Vision and Maxava Prep for November Trial
August 8, 2011 Alex Woodie
IBM i high availability software rivals Maxava and Vision Solutions will be back in a Los Angeles courtroom today to hear a judge’s ruling on the discovery process in Maxava’s false advertising case against Vision. Disagreements over what documents should be admitted as evidence have delayed the case. The cut-off for discovery is slated to end Friday in preparation for a November 22 trial.
There is no sign that the false advertising case that New Zealand-based Maxava brought against its much larger Southern Californian competitor in December 2009 is any closer to an out-of-court settlement, as the vast majority of civil cases are resolved. Both sides appear to be hunkered down, content to let their lawyers wage legal warfare in the United States District Court, Central District, Western Division.
The action picked up in July, when the two sides made no fewer than 22 filings. Most of the filings had to do with the discovery phase of the suit, the end of which has already been delayed twice.
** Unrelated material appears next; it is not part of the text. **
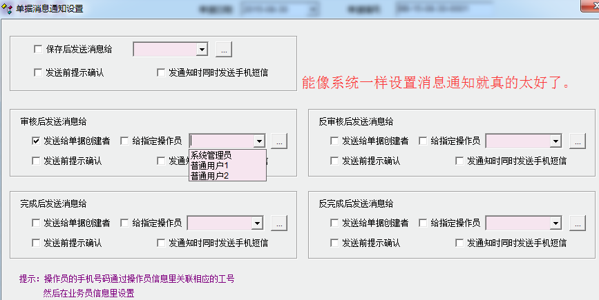 如果能像系统一样弹窗显示并自动提取操作员列表,进行多选,那就真的太好了。ayangzhi可否接力改进一下,实现弹窗选取功能,我的能力不行,连个头绪都没有,只能实现一些比较简单的功能。也建议老师将消息通知作为一个独立功能模块放到系统中,可以通过比较简单的脚本进行引用,那一定为系统添加不少分数! |

A good fraction of the documents submitted to the court were concealed from the public, which is a result of the protective order the judge issued this spring to prevent both sides from revealing the names of customers and prospective customers, price lists, and anything else the parties deemed worthy of the attorney’s eyes only (AEO) label.
On July 15, Vision petitioned the court to sanction Maxava over failures to comply with a February court order to produce materials requested by Vision as part of the discovery process. In its filing, Vision accused Maxava of “playing chicken” with Vision regarding documents and deadlines and of purposely destroying evidence.
Maxava has failed its discovery obligations in three ways, Vision says, including failing to produce documents it has already admitted to having, failing to produce un-redacted versions of documents, and failing to provide a good explanation of why it hasn’t produced documents. Vision has requested the court punish Maxava by preventing it from making any discovery requests of its own and by taking away its ability to depose the defendants, among other actions.
Maxava, meanwhile, defends its actions in discovery, and claims that it has submitted all required documents, even if some of them were submitted after the court’s deadline. It also leveled its own accusations against Vision, accusing the company of refusing to remove redactions from hundreds of documents and abusing the AEO privilege, “thereby preventing Maxava . . . from viewing hundreds of documents it has a right to review.”
The discovery process is proving to be a critical and hotly contested phase of this case, which started out as a false advertising claim but expanded into accusations of trade libel, interfering with prospective economic advantage, and anti-competitive, monopolistic behavior in violation of the Sherman Act in subsequent revisions to the original claim. Sirius Computer Solutions, a Vision business partner and a large IBM Power Systems reseller, has also been named in the case.
Maxava’s case hinges on whether it can prove that it lost business to Vision as a result of several documents that Vision put together that denigrated Maxava’s products and its ability to support its customers, which Vision and Sirius employees showed to existing customers or prospects.
Originally, Maxava cited three organizations–Cleveland Golf, Panda Restaurant Group, and Hyundai Information Service North America–that were swayed by the Vision pitch to not purchase IBM i high availability software from Maxava in the pre-2007 timeframe. Maxava also claimed that it was unable to form a partnership with a reseller, Progressive Technology, as result of Vision’s alleged actions.
But Maxava has said that it expects to find more customers that were swayed by Vision’s allegedly illegal sales and marketing tactics. It’s relying on the discovery process to help find more evidence of a “purposeful, planned, coordinated, and widespread competitive misconduct toward Maximum,” Maxava’s lawyer wrote in February.
Not surprisingly, this legal tactic has drawn heavy resistance from Vision and its lawyers, which has led to the drawn-out discovery phase. Every company is possessive over its most sensitive, proprietary information, and Vision obviously doesn’t want to help make Maxava’s case.
Maxava, which won a temporary injunction against Vision last year, seeks a permanent injunction and monetary damages from Vision and Sirius. It has also requested a jury trial–an event that, at this point, appears to have a good chance of occurring.